Originally named after a 19th-century Russian aristocrat, beef stroganoff has spread to every corner of the world, and the original idea has been adapted to all kinds of local cuisines and personal preferences. Traditionally, beef stroganoff was cubes of meat sautéed with mustard and served with sour cream, but cooks around the world have changed the cubes to strips, and added tomatoes, mushrooms, onions, noodles, and other special touches.
In the United States, beef stroganoff is usually made with sweet cream instead of sour, and served on top of noodles (and also usually served out of a microwaved plastic tray), but you can do better than that! This Paleo variation passes up on such a heavy dinner for something a little more sophisticated: a white wine reduction sauce with coconut milk and a teaspoon of Dijon mustard to keep the classic, sweet-sharp taste. Also, compared to our more traditional beef stroganoff recipe, this one is more stir-fry style.
Not big on alcohol? That’s OK; the wine in this recipe is optional if you don’t want to use it. Just add 1/3 cup of homemade beef stock instead for a velvety, alcohol-free sauce. You can also hold the tapioca starch if you don’t have any or don’t want to use it; it’s an optional ingredient just to thicken up the sauce.
It’s delicious on its own, but if you just can’t imagine a plate like this without noodles, why not try serving it with some Paleo spaghetti, or for a slightly different twist, use it to replace the chicken stew in this recipe.

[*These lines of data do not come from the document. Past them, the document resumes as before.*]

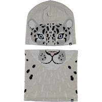 Zwarte muts en colsjaal van wol met een tijgermotief, dat deels op de muts en deels op de sjaal staat.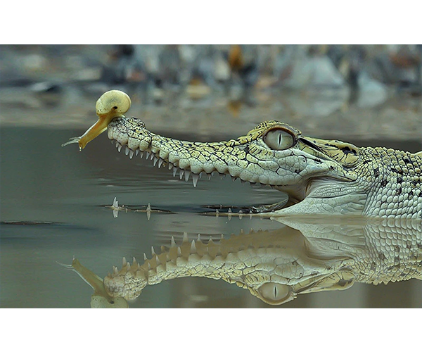 Ốc sên cố trườn lên phía trước mũi “sát thủ” cá sấu để soi bóng mình dưới nước. Ảnh được ghi lại tại đầm lầy ở West Sumatra, Indonesia. Ảnh: Telegraph. |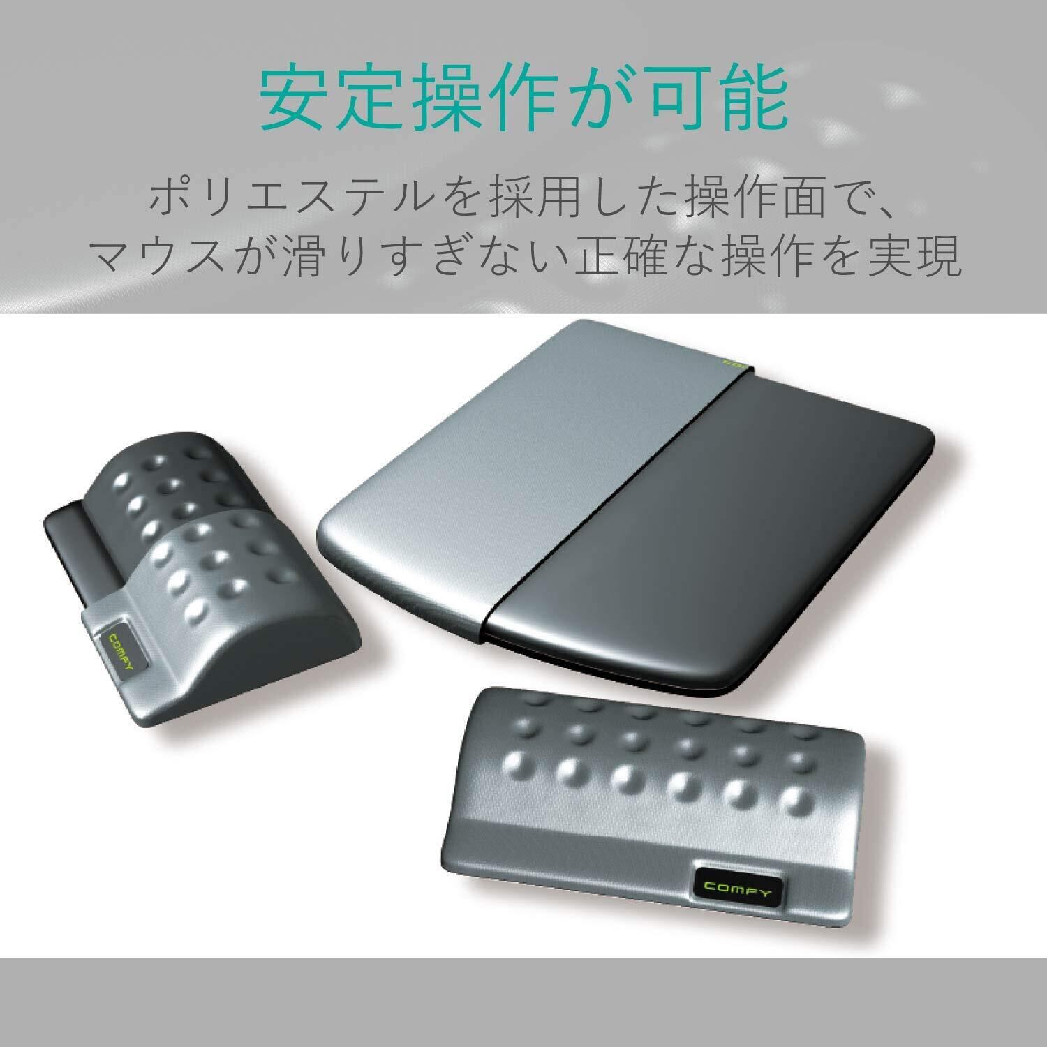 ●マウスパッドとリストレストを自由自在なレイアウトで最適な位置に移動できる、リストレスト&マウスパッド“COMFY(カンフィー)”です。●マウスパッドのマウス操作面にはポリエステルを採用し、ソフトなさわり心地と、マウスが滑りすぎない静かな操作感を実現します。●マウスパッド裏面には、デスクにぴったりと吸着してズレや移動を防ぐエラストマーを使用しています。●リストレストには、反発弾性が非常に小さく、優れた衝撃吸収性と荷重分散性能を有する低反発ポリウレタンを採用し、手首の形状にフィットして長時間のPC作業をサポートします。●リストレストはキーボードやテンキーのリストレストとしてもご利用いただけます。●リストレストには新開発のディンプル加工(凹凸加工)を施し、心地よい感触と通気性を向上しています。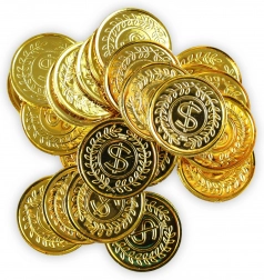 Dopřejte dětem i dospělým porci herní zábavy se sadou zlatých mincí, které vypadají efektně a díky plastovému provedení jsou lehké, bezpečné a odolné. Lesklý povrch a reliéfní motiv dolaru dodají vašim hrám i dekoracím atraktivní vzhled.

Either way, the side is as easy as the meat – and the meat is pretty hassle-free. Spend 15 minutes to toss everything in the skillet on a busy evening, then go take care of the rest of your life while it cooks and come back to a hearty, healthy dinner almost ready to go.
Beef Stroganoff Recipe
Add to Meal Plan
- 2 pounds beef chuck roast or sirloin cut into strips;
- 6 oz. mushrooms, sliced;
- 4 green onions, sliced;
- 1 cup beef stock;
- 1/3 cup full-fat coconut milk;
- 1/3 cup white wine; (optional)
- ½ tbsp. tapioca starch; (optional)
- 1 tsp. Dijon mustard;
- Cooking fat;
- Sea salt and freshly ground black pepper to taste;
- Season the beef strips to taste with sea salt and black pepper to taste.
- Melt some cooking fat and brown the beef for 1 to 2 minutes in a large skillet placed over a medium-high heat.
- Add the green onions and cook for another 4 minutes.
- Add the white wine. Bring to a boil; then turn down the heat and cook, uncovered, until the liquid is reduced by half.
- Add the beef stock. Bring to a boil, lower heat, and simmer for 45 minutes or until the beef is cooked through but still tender.
- Add the mushrooms and coconut milk to the skillet, and cook for another 5 minutes.
- (Optional) If you like a thicker sauce, add the tapioca starch now and stir it in well.
- Season to taste once again and serve.